Here's Rick Perry:
Remember when you had to show your aunt Snopes.com because she kept emailing you forwards with animated angel GIFs about how drinking Coke can kill you? Someone needs to do that for Rick Perry. In New Hampshire Friday, Perry noted an email forwarded by his son that quoted a 38-year-old Occupy Toronto protester named Jeremy who whined that bankers work so hard he can't wake up early enough to protest them. Perry paraphrased Jeremy's complaints: "We got here at 9 o'clock, and those people … those bankers that we came to insult, they'd already been at work for two hours when we got here at 9 o'clock, and when we get ready to leave, you know, they’re still in there working. I guess greed just makes you work hard." Perry and everyone else laughed. But Jeremy isn't real; he was made up by theToronto Globe and Mail's Mark Schatzker, whose column was clearly labeled "satire."

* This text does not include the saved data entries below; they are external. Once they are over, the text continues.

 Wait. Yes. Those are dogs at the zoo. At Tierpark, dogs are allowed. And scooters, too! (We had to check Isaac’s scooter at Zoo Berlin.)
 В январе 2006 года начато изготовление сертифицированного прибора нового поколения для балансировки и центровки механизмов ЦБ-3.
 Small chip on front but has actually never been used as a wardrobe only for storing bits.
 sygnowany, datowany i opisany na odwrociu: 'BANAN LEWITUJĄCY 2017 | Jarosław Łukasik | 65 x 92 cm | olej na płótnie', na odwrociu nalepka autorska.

Conservatives have been mistaking fake Jeremy for a real protester for a week. He just too perfectly fits their idea of an Occupy Wall Street protester not to be real. The power of Jeremy is most evident at The American Specator, where Shawn Macomber quoted it sincerely under the headline "Deep Thoughts from Occupy Wall Street Toronto" on October 24 before updating that it was satire. But the fake quote was so good, The Spectator's J.P. Freire quoted it as real three days later: "Self Parody Alert: Occupy Toronto Doesn't Get It." But alas, it is J.P. Freire who doesn't get it. He quickly updated, "Is this a parody? Maybe?" Not maybe. Actually.

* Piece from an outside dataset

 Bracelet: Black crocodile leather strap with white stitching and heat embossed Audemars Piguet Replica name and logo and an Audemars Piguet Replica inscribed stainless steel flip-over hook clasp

Via the remarkably good Say Anything, a North Dakota-based blog, a hilarious news story about Occupy Wall Street protesters in Toronto who really want to take a stand against “greed,” only…they’re too lazy:
“It’s weird protesting on Bay Street. You get there at 9 a.m. and the rich bankers who you want to hurl insults at and change their worldview have been at work for two hours already. And then when it’s time to go, they’re still there. I guess that’s why they call them the one per cent. I mean, who wants to work those kinds of hours? That’s the power of greed.” – Jeremy, 38
It probably is news to the occupiers that getting into the 1% actually requires work. So, who is greedy–the guy who works hard and wants to keep most of what he earns, or the guy who wants someone else’s money, but isn’t willing to pay the price to earn it?
UPDATE: Upon further review, prompted by my wife, I think the quotes attributed to occupiers at the linked site are jokes. Pretty funny ones, too. The point, I think, remains valid.